EXTRACTED MATERIAL:
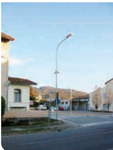
2014 - Impianti di videosorveglianza
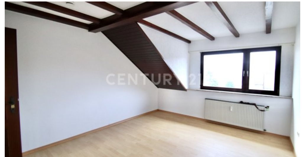
Großes Eltern- Schlafzimmer
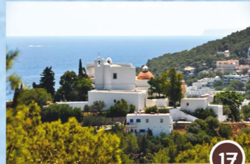
Iglesia del Puig de Missa

Desde este punto hay una excelente panorámica: el Puig de Missa, con su iglesia fortificada del siglo XVI, el Centro de Interpretación del Río - Can Planetes (Molí de Dalt) , las acequias, las huertas, los molinos, el Puente Nuevo, el Puente Viejo, el río, etc. y en el fondo, el paseo marítimo, la playa junto al río y el mar.
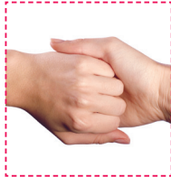
4. Oberseite der Finger gegen die andere Handfläche, die Finger dabei ineinander verkeilt.
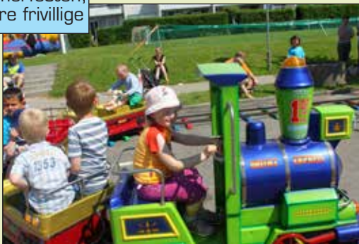
Toget for de mindste var meget populært
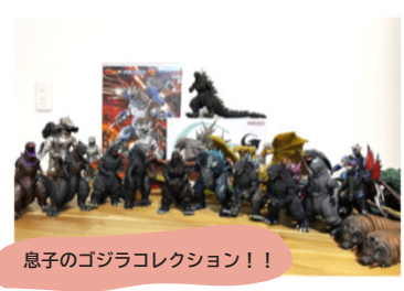
息子のゴジラコレクション！！

仕事は、ひとつひとつを丁寧に！お客様に喜んでいただけるよう取り組みます。そして藤川工務店のファンを増やしたいです。子育ては、楽しく！全力で！子どもたちと向き合いたいです。
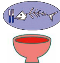
ごはんをのこさずたべる。ごみをへらす
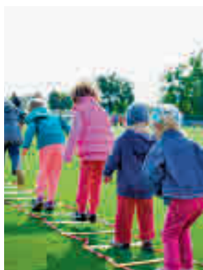
Habrá diferentes actividades

de enero de 2023 en los colegios públicos. Tomás Bretón, Tirso de Molina y Menéndez Pelayo, de 9 a 16 horas. La inscripción se podrá realizar online hasta el próximo 10 de noviembre y al día siguiente se realizará el sorteo de plazas. En esta iniciativa podrán participar niños y niñas de 3
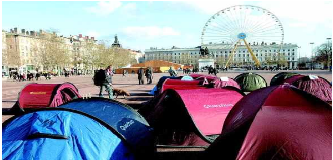
<리옹의 벨쿠르 광장에 노숙자 주거 문제 해결을 촉구하는 텐트들이 들어선 모습>

세계의 주목을 끌었던 프랑스의 노숙자 체험 텐트 시위가 값진 성과를 거뒀다.
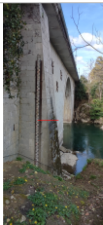
Vue du repère (le trait rouge représente le niveau atteint pas les eaux)

Type de repérage : Source bibliographique
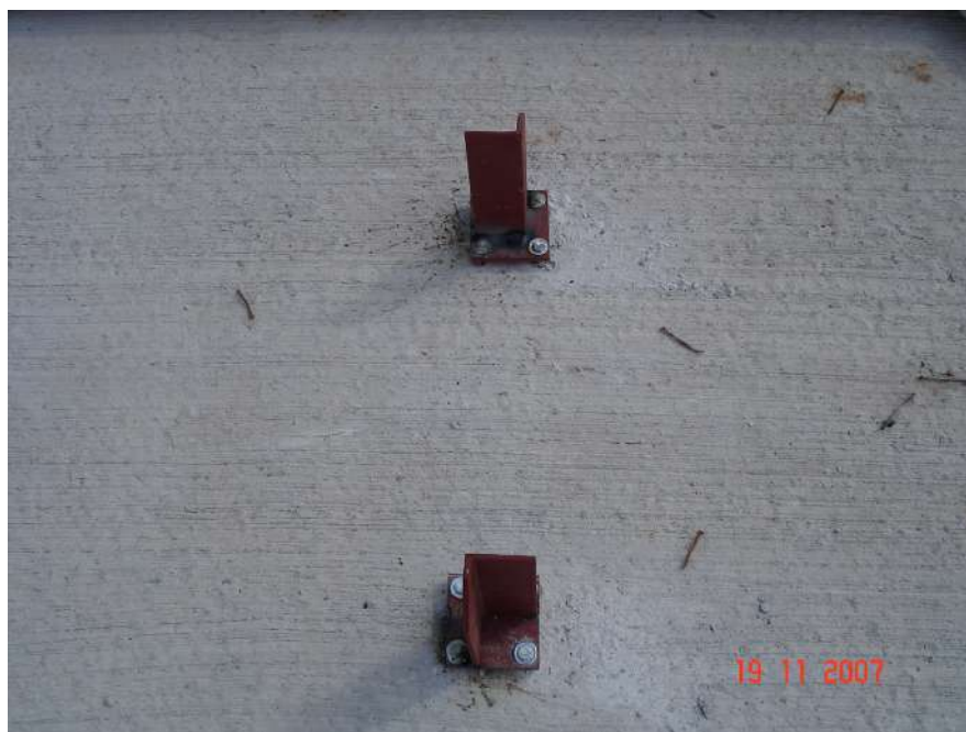
Imagem 2 - Obra de Impermeabilização (Ano 2007)

WHAT YOU WILL DO: Print again, word for word, every line from the line with "<리옹의 벨쿠르 광장에 노숙자 주거 문제 해결을 촉구하는 텐트들이 들어선 모습>" to the final line of the records, inclusive; skip the pictures.

TASK SOLUTION:
<리옹의 벨쿠르 광장에 노숙자 주거 문제 해결을 촉구하는 텐트들이 들어선 모습>

세계의 주목을 끌었던 프랑스의 노숙자 체험 텐트 시위가 값진 성과를 거뒀다.
Vue du repère (le trait rouge représente le niveau atteint pas les eaux)

Type de repérage : Source bibliographique
Imagem 2 - Obra de Impermeabilização (Ano 2007)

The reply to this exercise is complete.